What follows runs from the single prompt up to the autonomous systems we now build on it. At every level, the old rules hold.
If the output is confused, you wrote it badly
Zinsser refused to blame the reader. When a sentence fails to land, the writer wrote it badly, and the reader who gives up wasn’t being lazy. Writers resist this. It puts every failure on them. But it is the only posture that improves anything.
Prompting demands the same. The model isn’t being obtuse when it misses; it’s answering the prompt you wrote, not the one in your head. “The model is dumb” is the prompting version of blaming the reader: satisfying, useless. Every fix starts in the same place. Say it better. Everything below follows from taking that seriously.
Attention is finite, and clutter spends it
This is the idea worth slowing down on, because most people get it backwards.
“Clutter is the disease of American writing,” Zinsser wrote. His case against it was never that lean prose is prettier. It was that the reader’s attention is scarce and exhaustible, and every needless word spends a little of it on nothing. Cut the words that serve no function, the long word where a short one works, the qualifier already implied by the verb. Not because clutter is ugly, but because it taxes a budget the reader can’t refill.
This is now literally true of models, and the research has names for the machine version. Liu and colleagues documented “lost in the middle,” the drop in accuracy when the fact a model needs sits in the long middle of a context rather than at either end. More recent work on what’s been called context rot finds the broader pattern: answer quality decays as the window fills with marginal material, even when that material is harmless.
The context window is the reader’s attention span, and it behaves exactly as Zinsser feared a reader’s would. Overspend it and comprehension degrades. More words can produce a worse answer. Token optimization, stripped of the accounting language, is his clutter surgery with a dollar figure attached.
And it isn’t a metaphor that happens to fit. It’s the mechanism. A transformer scores every token against every other token, at quadratic cost in the length of the context, so junk is never skipped. It’s actively weighed against everything else. Those scores pass through a softmax that forces each token’s attention to sum to one. Attention is therefore conserved: every token arrives with a single unit of focus to spend across everything it can see. Add a hundred tokens of clutter and you haven’t added focus. You’ve spread that unit thinner and enlarged the field it has to search. Zinsser’s finite, exhaustible reader was not a figure of speech. It is the softmax.
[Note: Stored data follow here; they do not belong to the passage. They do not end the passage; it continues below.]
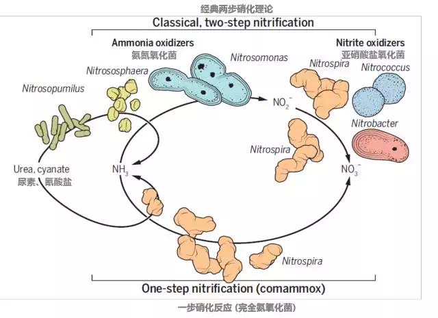 這個理論最先是由俄國微生物界傳奇維諾格拉斯基 (Sergei Winogradsky)早在19世紀末“成功”展示,他分離出了負責這兩步硝化的微生物,也就是所謂的AOB(ammonia oxidizing bacteria)和NOB(nitrite oxidizing bacteria)。但這個超過100年歷史的教條在2015年圣誕節(jié)前被英國明星科學(xué)雜志《自然》上的兩篇同日發(fā)表的題目雷同的文章和隨后一篇在美國微生物學(xué)會的文章終結(jié)了。三個科學(xué)團隊發(fā)現(xiàn)了三種不同的培養(yǎng)[1,2]和一種非培養(yǎng)細菌[3]能夠各自進行從氨氮到硝態(tài)氮的完全硝化過程。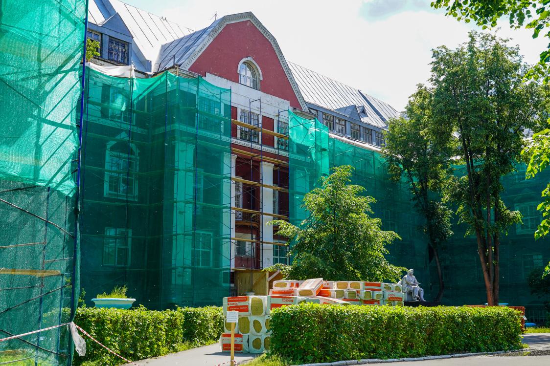 Начатые в июне 2024 года реставрационные работы в корпусах № 2 (ул. Генкеля, 7) и № 4 (ул. Генкеля, 7а) затянулись. Оба строения имеют статус объектов культурного наследия, что обусловило выступление краевой инспекции по охране ОКН в качестве заказчика. Из регионального бюджета на ремонт и адаптацию указанных корпусов к современным требованиям было выделено свыше 265 млн руб.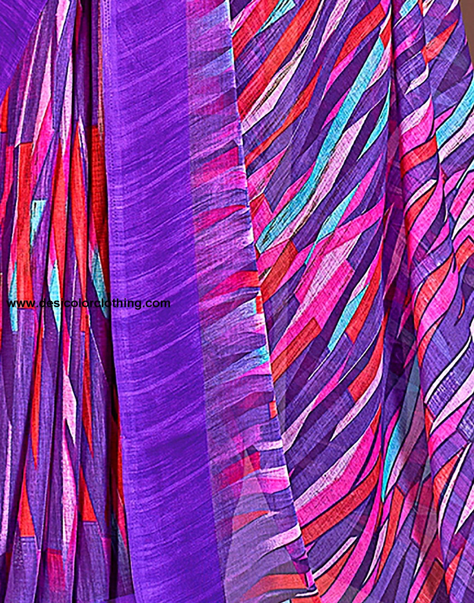 Blouse Color:Purple Blouse Fabric:Chiffon Blouse Length:0.80 Mtr Blouse Work:Printed Saree Color:Purple Saree Fabric:Chiffon Saree Length:5.50 Mtr Saree Work:Printed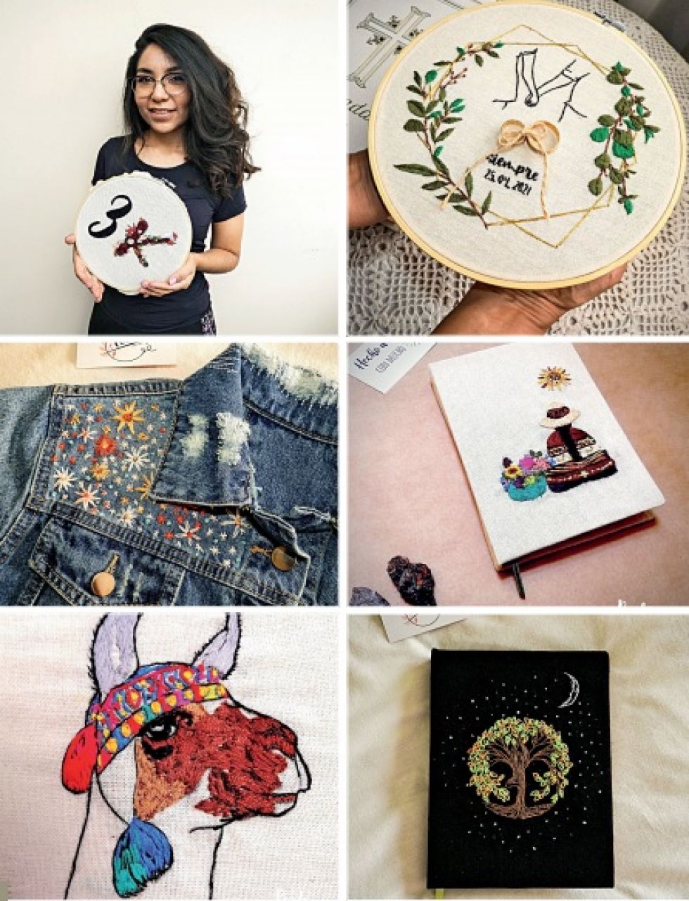 Hace más de tres años estudió Diseño Gráfico y hace personalmente los diseños. Sus bordados se caracteriza por ser modernos, minimalistas, con diseños en líneas y en 3D, también conocidos como bordados en relieve.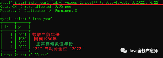 create table year1 ( id int,y year );insert into year1 (id,y) values (1,now()),(2,2022-12-30),(3,2022),(4,22);
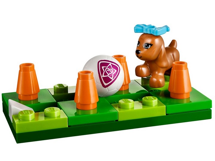 Trening Piłkarski Stephanie 41011 pozwoli ćwiczyć umiejętności przed ważnym meczem piłki nożnej! Drybluj przez ustawiony z pachołków tor przeszkód, a potem ćwicz obronę, korzystając z funkcji strzałów na bramkę! Po treningu możesz zrobić sobie przerwę na ławce i napić się chłodnej wody z dystrybutora i przekąsić banana. Po wyczerpujących ćwiczeniach pobaw się ze Scarlett w aportowanie.

Before (≈70 tokens, nearly all noise):
I was hoping you might be able to help me out with something. Basically,
I've got this dataset here and I was wondering, if it's not too much
trouble, whether you could maybe take a look and possibly point out any
trends or patterns or anything interesting, if that makes sense?
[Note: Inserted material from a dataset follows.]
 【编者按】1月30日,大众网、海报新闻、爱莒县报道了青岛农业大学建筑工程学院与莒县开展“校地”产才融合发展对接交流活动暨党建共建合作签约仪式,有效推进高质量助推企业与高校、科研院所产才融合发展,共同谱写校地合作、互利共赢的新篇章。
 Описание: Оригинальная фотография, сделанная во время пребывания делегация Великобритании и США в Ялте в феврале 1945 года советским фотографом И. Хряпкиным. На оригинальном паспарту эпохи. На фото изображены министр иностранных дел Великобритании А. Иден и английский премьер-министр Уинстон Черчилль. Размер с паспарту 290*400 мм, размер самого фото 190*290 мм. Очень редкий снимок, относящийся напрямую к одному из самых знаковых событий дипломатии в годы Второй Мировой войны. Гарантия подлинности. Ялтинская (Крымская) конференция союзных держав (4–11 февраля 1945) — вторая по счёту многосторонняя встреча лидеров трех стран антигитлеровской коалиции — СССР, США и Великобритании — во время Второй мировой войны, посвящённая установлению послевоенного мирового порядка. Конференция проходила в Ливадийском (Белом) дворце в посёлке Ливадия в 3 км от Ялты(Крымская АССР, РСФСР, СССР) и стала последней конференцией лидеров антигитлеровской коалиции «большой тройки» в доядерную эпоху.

After (≈15 tokens, all signal):
Identify the three most significant trends in this dataset.
Give the supporting numbers for each.Every cut word (maybe, possibly, if it’s not too much trouble, if that makes sense) was clutter in his exact sense. It cost attention and carried no instruction. Zinsser bracketed every word in a draft that wasn’t working, to see how much survived. Run that test on your prompts. Most of what you bracket is hedging the model was never helped by.
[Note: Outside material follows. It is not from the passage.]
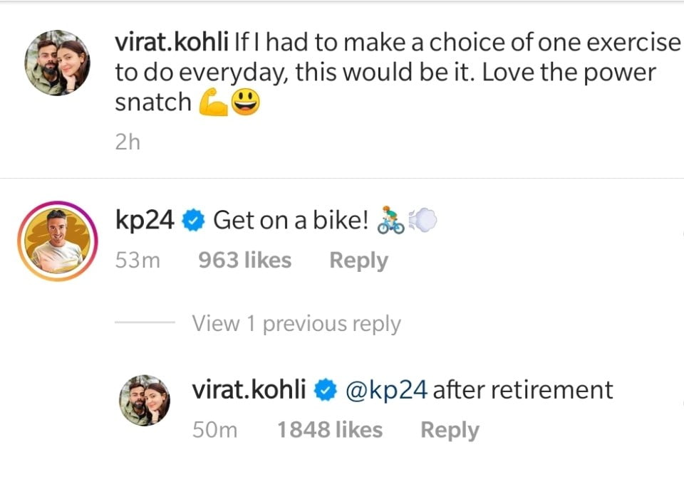 Pietersen made an attempt to troll India skipper and commented, “get on a bike.” In reply to the former England batsman, Virat responded, “@kp24 after retirement”.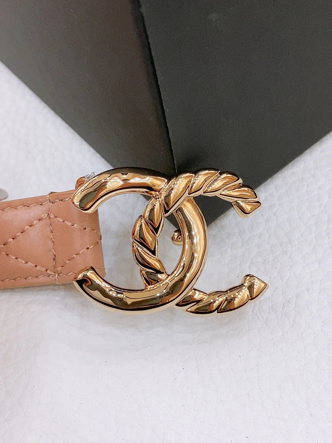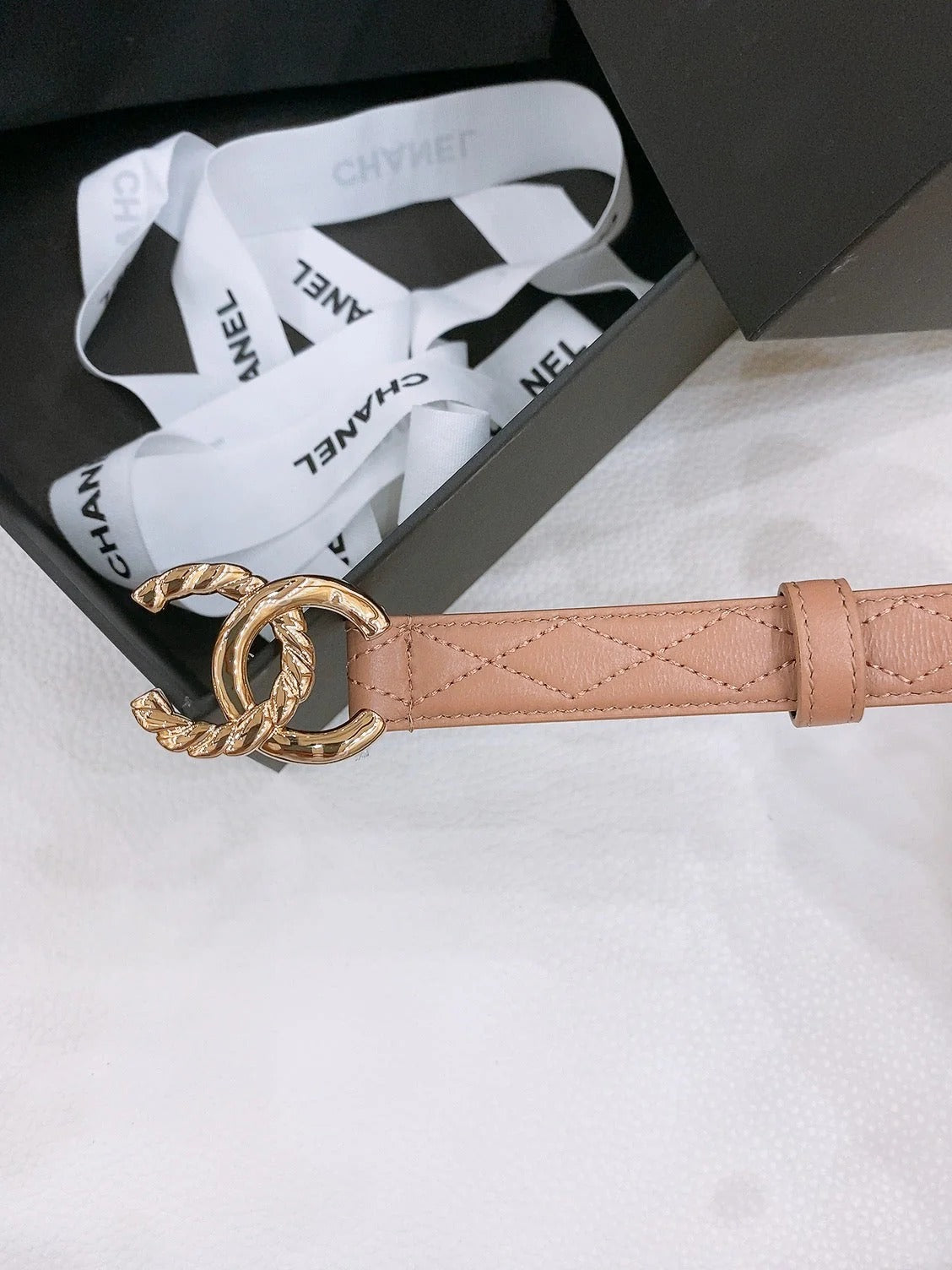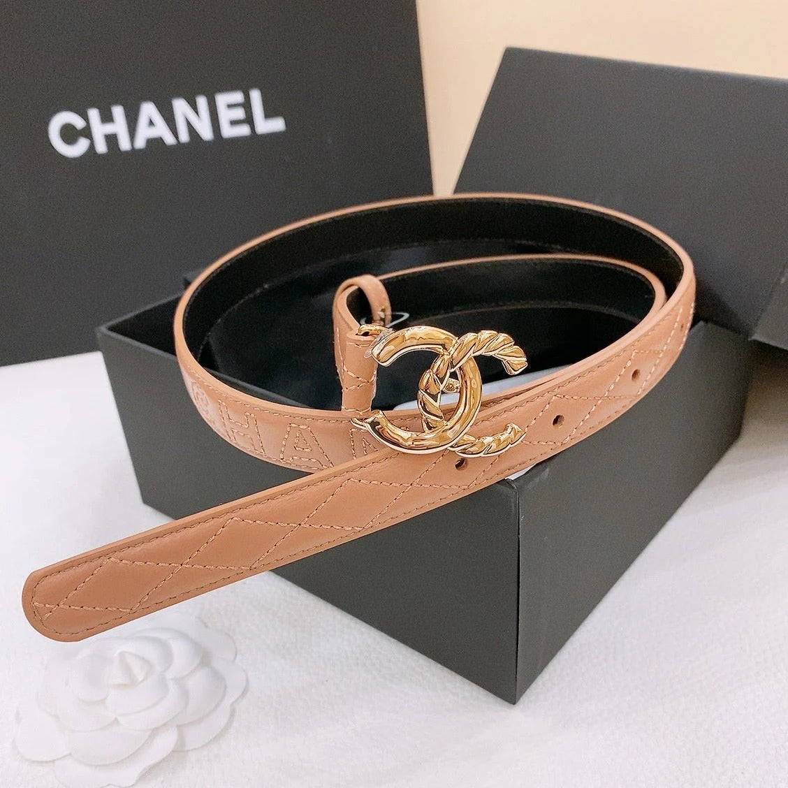 DOUBLE C BELT 20MM IN SAVANNA BROWN CALFSKIN WITH QUILTED STITCHING SPIRAL GOLD BUCKLE

The same goes for the warm-up. Writers spend a paragraph or two clearing their throat before the piece really begins; prompts do it with boilerplate preambles and role-play scaffolding that exist to help you start, not to instruct the model. Find where the prompt actually begins and delete what comes before.
“Tight” is not “short”
Here is where most people misquote him. He never said write less. He said let no word do nothing, which is a different rule and the whole game. A sentence can be long and uncluttered, or short and starved. The test is not length. It is whether anything present is idle.
For prompting this matters, because the cost-cutting instinct (fewer tokens, always) is wrong. A human reader shares your context and fills the gaps. A model shares far less, so good prompting often means adding the detail a person would have inferred. That detail isn’t clutter. It’s doing the work Zinsser demanded of every word.
Over-cut (short, but starved):
Summarize this report.Tight (longer, every clause working):
Summarize this report in five bullets for an executive who hasn't read it.
Lead with the decision they need to make.The second is three times the length and contains no clutter. For an executive who hasn’t read it sets the register. Lead with the decision sets the structure. Cut either to save tokens and you’ve practiced the false economy he warned against. Maximize signal per token, not minimum tokens. It is the writing version of maximizing meaning per word.
The art is what you leave out
Zinsser’s deepest point about craft: writing is choosing what to leave out. A travel essay isn’t everything that happened. It’s the three details that carry the place, and the work is cutting the other forty. Include everything and you’ve abdicated the one job that mattered.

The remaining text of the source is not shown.